Moneyball, the Oakland A’s, and the history of “data-driven” anything
Sometime in the early 2010s, “data driven” became the new management buzzword meaning “let’s stop making decisions based on hunches, and let’s start using all the data we have sitting around somewhere”. It all started some ten years earlier in … professional baseball.
Anecdote time. I didn’t become an Oakland Athletics fan because of “Moneyball” (which didn’t exist yet). I started going to games when they offered one dollar bleacher tickets plus dollar hot dogs to fill seats at the mostly empty Coliseum at a time when the new San Francisco Giants ballpark across the Bay was humming.

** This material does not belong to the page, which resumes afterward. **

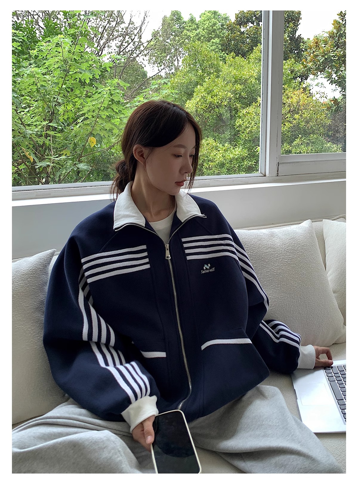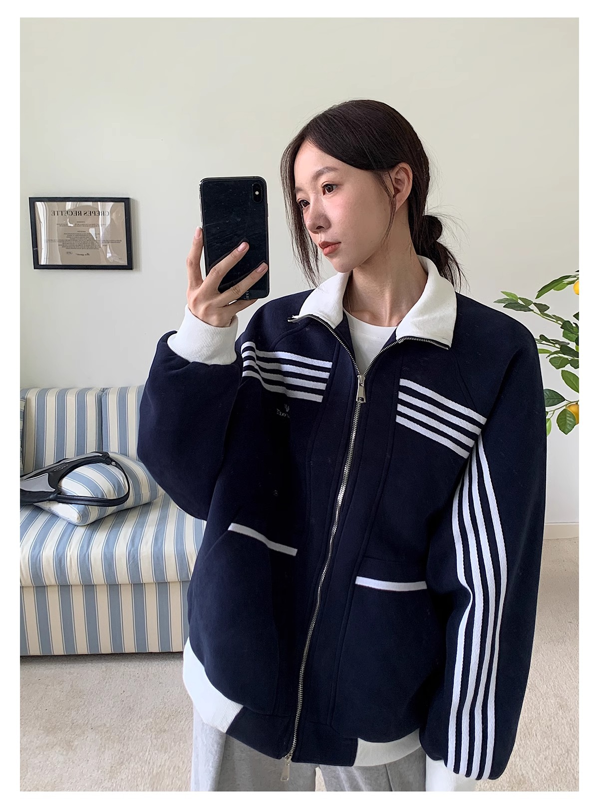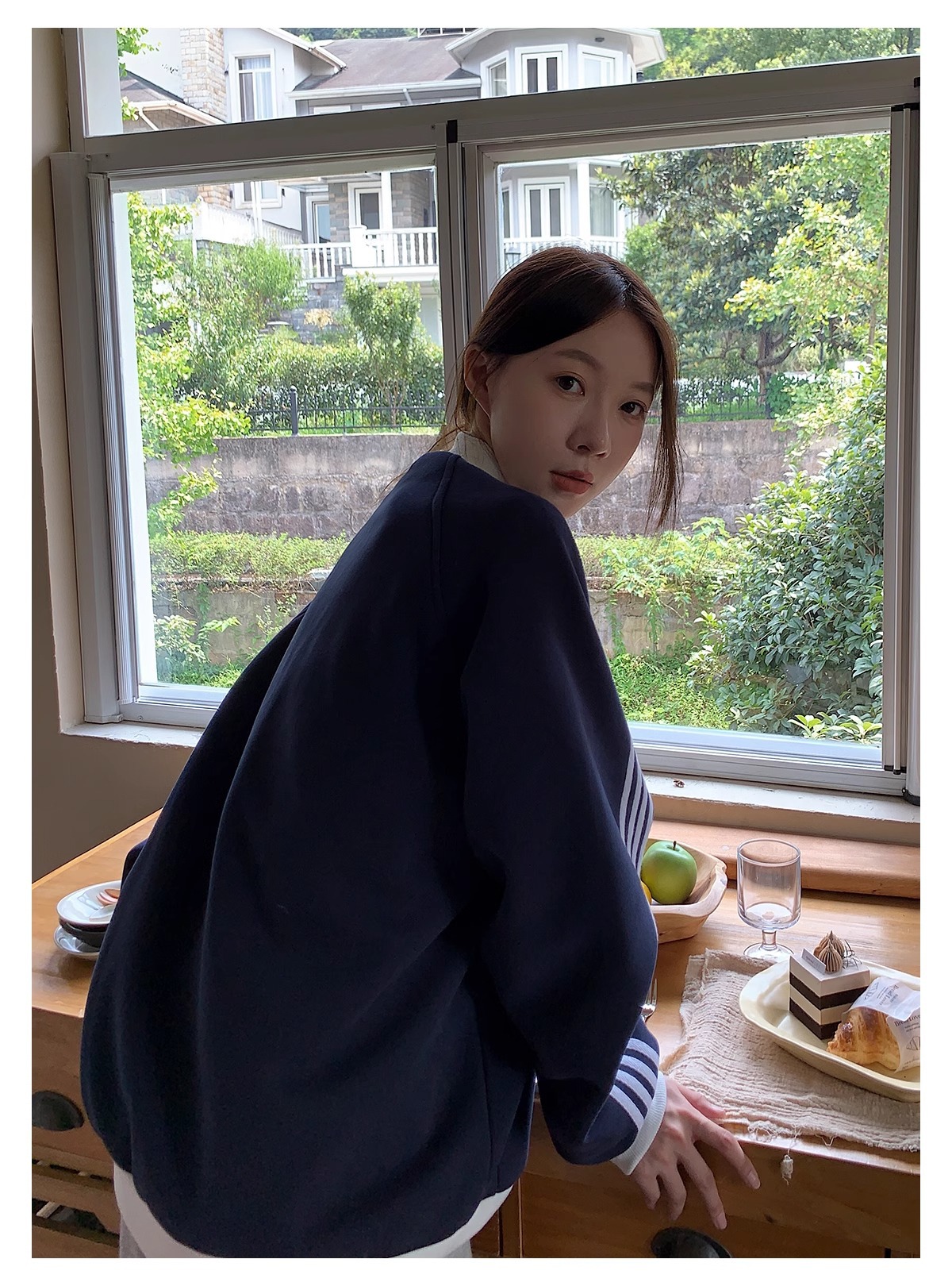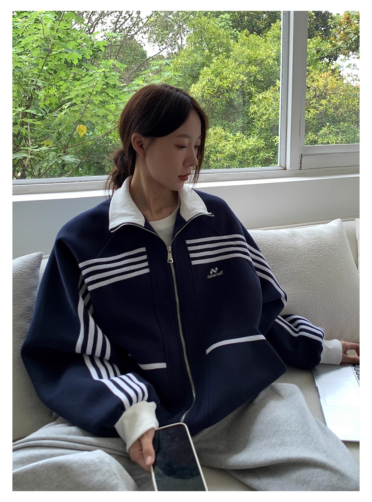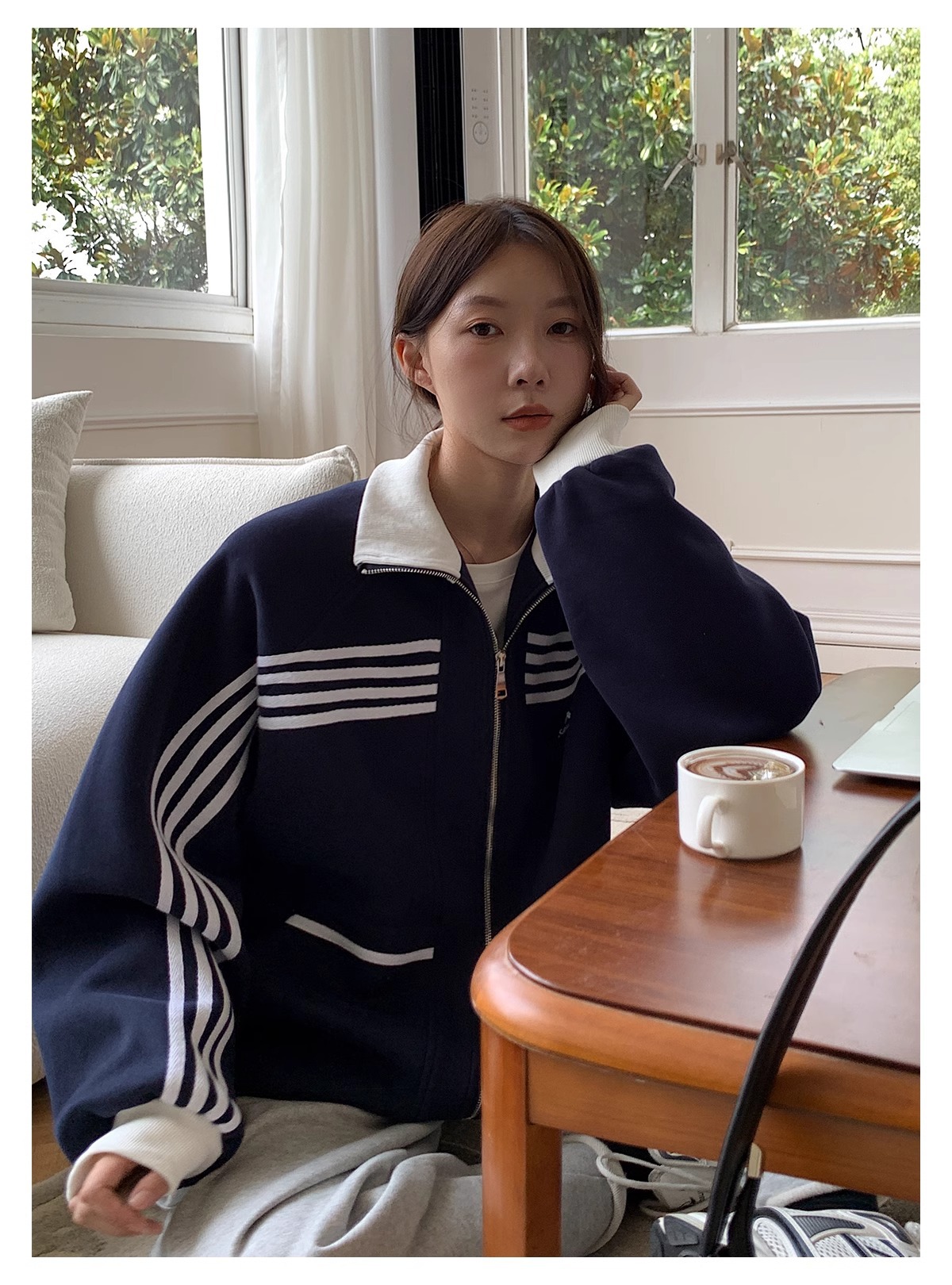 미국 스타일 무거운 줄무늬 야구 세트 코트 여성 가을 디자인 대비 컬러 스티칭 카디건 재킷 코트 칼라 톱 한국어스토어 가기

By sheer luck, my first game in 2000 was a comeback win against the then division-leading Seattle Mariners, after which the A’s went on a tear to take the AL West for the first time in seemingly forever. Needless to say, I was hooked.
I quickly joined the fan forums where the traditional A’s fans were fighting a rearguard action against the encroaching quant types, emboldened by Billy Beane’s embrace of “statistical analysis” — sabermetrics — for player selection.
At that time, Silicon Valley was still dominated by old school engineers from Intel or Hewlett Packard who knew their statistics from “six sigma” quality assurance, rather than the dot-comers.
The Silicon Valley engineers slowly displaced the traditional fans by means of technical superiority: the typical chatter about player trades was no longer about “Hey, I like his tools” but about arcane sabermetrics comparisons.
In this one-upmanship the traditional fans were quickly outnumbered and eventually out-proven by the A’s astounding run of regular season successes (and postseason collapses) that came to define the Moneyball era.
Fun side note: For all the bluster with which the early sabermetrics scores were wielded in these battles, they were almost universally awfully constructed.
At that point, this was really just the displacement of a traditional belief system with another one that claimed to be on the side of “science” but also just put their faith in a different set of counterfactuals.
The A’s spectacular string of postseason collapses made sure this new belief systems didn’t get its ultimate validation until a few time zones further East, sabermetrics disciple Theo Epstein took over first the Boston Red Sox and then the Chicago Cubs to help break a bunch of century-old curses.
At about the same time, a Chicago-trained statistician, quant, and poker player named Nate Silver started a baseball blog and a performance metric called PECOTA. Nate later branched out into politics with a website called 538.
Even though he doesn’t like it, Nate Silver did a lot to help popularize the term and the profession of data scientist, loosely described as “If you sit on a huge pile of data, sifting through it mostly aimlessly will eventually create some insight”.
Over time, data science didn’t only branch out into politics, but also into all kinds of other fields that didn’t seem to be amenable to statistical analytics. Today, even top European football teams run a sizeable quant division.
The business school obsession with KPIs, after two decades of deemphasizing the role of management science for business success, stems from around the same time. Education is all quantified now.
But the lessons from that early-day fan forum still apply: A lot of “data science” is about not getting pushed into decision paralysis by a massive amount of data; lots attempts to quantify selection processes get undermined by poorly constructed metrics; and…
Building decision tools on “data not theory” is a good idea as long as the conditions underlying your implicit model hold, but put you at the risk of getting blindsided by changing circumstances such as…
The collapse of the Hotelling consensus in American politics. History does not repeat, it rhymes.